Wednesday, July 18, 2012

Cooking for Kings & Getting Back to the Mountains

So posts here have been few and far between, not because of a lack of interesting things happening or things to discuss, but just due to a sheer lack of time. Last week we had a huge 4th of July event that catered to some 200 people (I had expected maybe 50), we had a great Friday night following with a friend of ours, who is a DJ, setting up a good dance party, and then we hosted the former king of Nepal for his birthday on Sunday. By the time Monday rolled around all I could do was lay in bed and sleep- as for the week prior I had averaged about 4 hours of sleep and consumed more alcohol than I’m used to. When every night is a party your life is the opposite of everyone else’s, all you crave is a night where you can get home and go to bed at 10pm and not have any alcohol in your system. With the amount of work I had to do to prepare and get ready for Sunday’s event I had shunned any drinking for at least a couple of days and I’ve learned to start walking around with a bit of cranberry juice with ice in a rocks glass and claim it’s cranberry and vodka so people don’t try to buy me too many drinks. This isn’t a problem I ever thought I’d have.

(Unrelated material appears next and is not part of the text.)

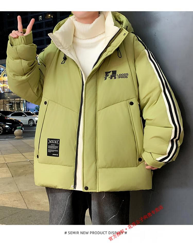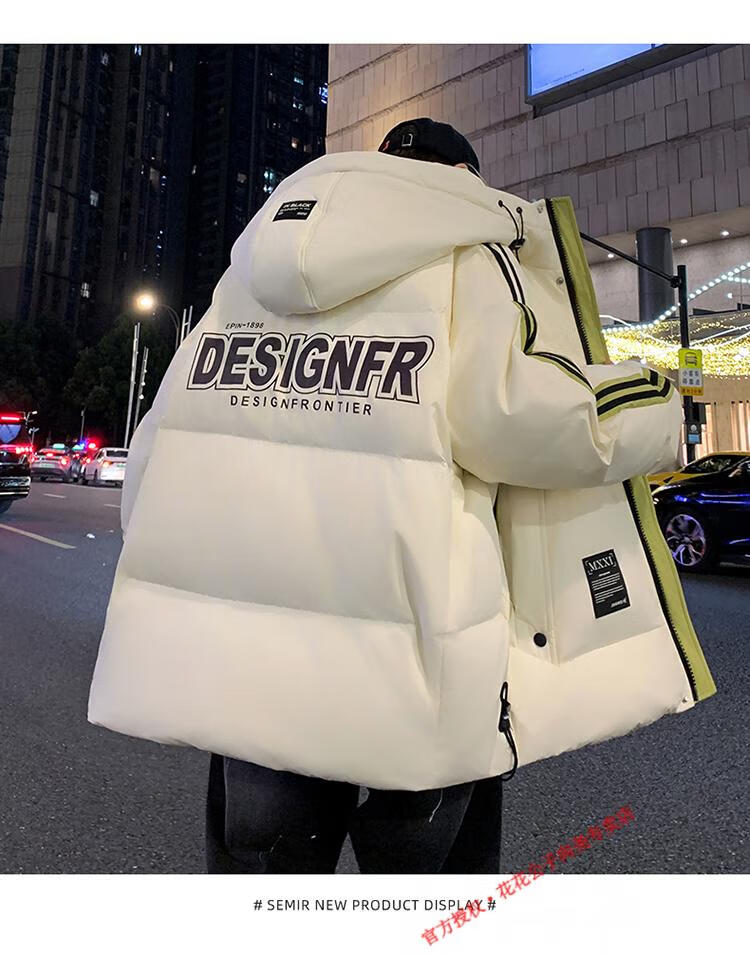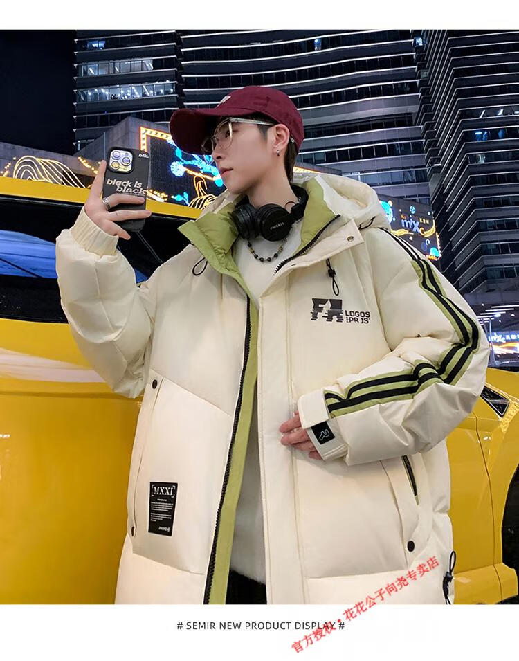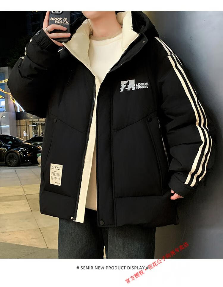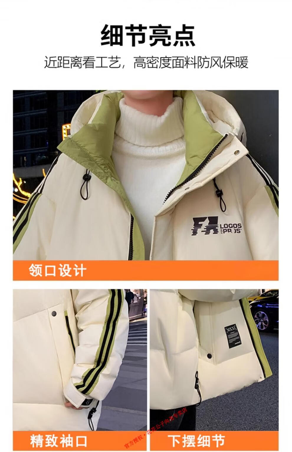Playboy (PLAYBOY) Winter Trendy Brand Down Jacket Men's 2025 Thickened Spliced Cotton Jacket Student Hooded Warm Plush Fleece Jacket 767 Beige 3XL

Grill House owners and staff with the former King of Nepal

While the other events were fun (although the 4th was complete chaos) the royal birthday was a once in a lifetime experience that while very stressful, was something I’ll always look back at as a really great experience. I mean who moves to a foreign country and ends up hosting and cooking for royalty? Me apparently. I also think it may have been a first in Nepal, as normally they are hosted at the 5 star hotels in the city, and not at local restaurants, no matter how nice they might be. So this was not only something completely new to me, but was also something outside of what they normally do.

It also became clear what a great group of people I’m working with on this project for this event, as all of us pulled from our different talents to get everything put together. The building we are in is still not quite finished but Ram really pulled things together and made the front entrance looked first rate. As they wanted some rice dishes that were closer to a traditional pallet I was able to lean on Rachael to pull something together from Imago Dei, and she also supplied her very professional staff, logistical support, contacts and front end management that freed me up to concentrate on the kitchen. Gaurav was able to pull our lounge together and make just about everything happen. I’m really grateful to all of them for their hard work and support that made the event something we can fondly remember. I also should note that my staff did a very good job of pulling things together and acted very professionally which I am grateful for as well.

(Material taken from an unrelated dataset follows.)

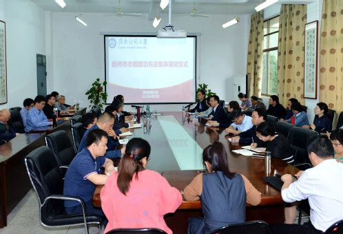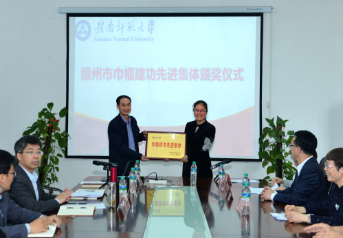 4月23日,学校举行“赣州市巾帼建功先进集体”奖牌颁发仪式,校党委副书记胡龙华出席并为获奖集体颁发奖牌,校工会负责同志,马克思主义学院领导班子成员及思政课教研室全体教师参加。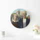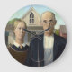 This is Grant Wood’s famous painting “American Gothic,” painted in 1930. A farmer holding a pitchfork is standing beside his spinster daughter. Grant Wood’s sister, Nan, modelled for the daughter, and their dentist is the model for the farmer!

Still there is something surreal about my life on a day to day basis here, and this was even more so than normal. It’s the kind of stuff you read about in novels growing up, not the kind of stuff you expect to do on a regular basis in your life. Aside from the normal challenges that face any business, especially one based in Nepal, things are going really well, better in fact than I would have dared to hope for. So well in fact that it makes me a bit nervous on occasion....that something is almost too good to be true. 

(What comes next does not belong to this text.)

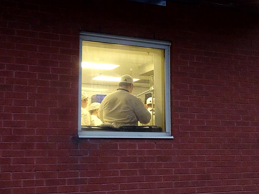1. Not hard or even sneaky at all. Was parking my car and I looked up. Voila! I was heading to a dinner and thrilled to have a glimpse of what looks like the Chef’s briefing to the cooks before all systems are go! (Notice the sweat on the back of the cook’s jacket. I have such admiration for this work.)

Next week Kim arrives from the US, and I hope to actually get out of the valley for the first time in well over a year. As of now the hope is to fly into Humde on the backside of Annapurna, but we’ll see how cooperative the weather is. So far this monsoon has been really pleasant, with little or no rain in the day and fantastic views throughout the valley and most of the rain coming late in the evenings. Hopefully this trend continues and we’ll have some nice weather to travel in. I’ve been dying to get out into the mountains after staring at them every day from the restaurant. It’s like a cat staring at a piece of yarn swinging back and forth, you can only stare at it in fascination for so long before diving at it.

What we do exactly  when we get up there will depend on the conditions and what Kim and her friend feel like doing. The best part of the whole circuit in my opinion runs from Humde through Manang over the Thorung La, down to Mukinath and over to Kagbeni. If we end up not having time or not wanting to go up and over the high Thorung La pass there are so many day trips in the Manang area that we can easily keep ourselves busy for the five or so days that we have, and just fly back out of Humde as opposed to Jomsom.  Whatever we do, it’ll be nice to enjoy the parts of Nepal that attracted me here in the first place once again and finally get out of Kathmandu for a small break.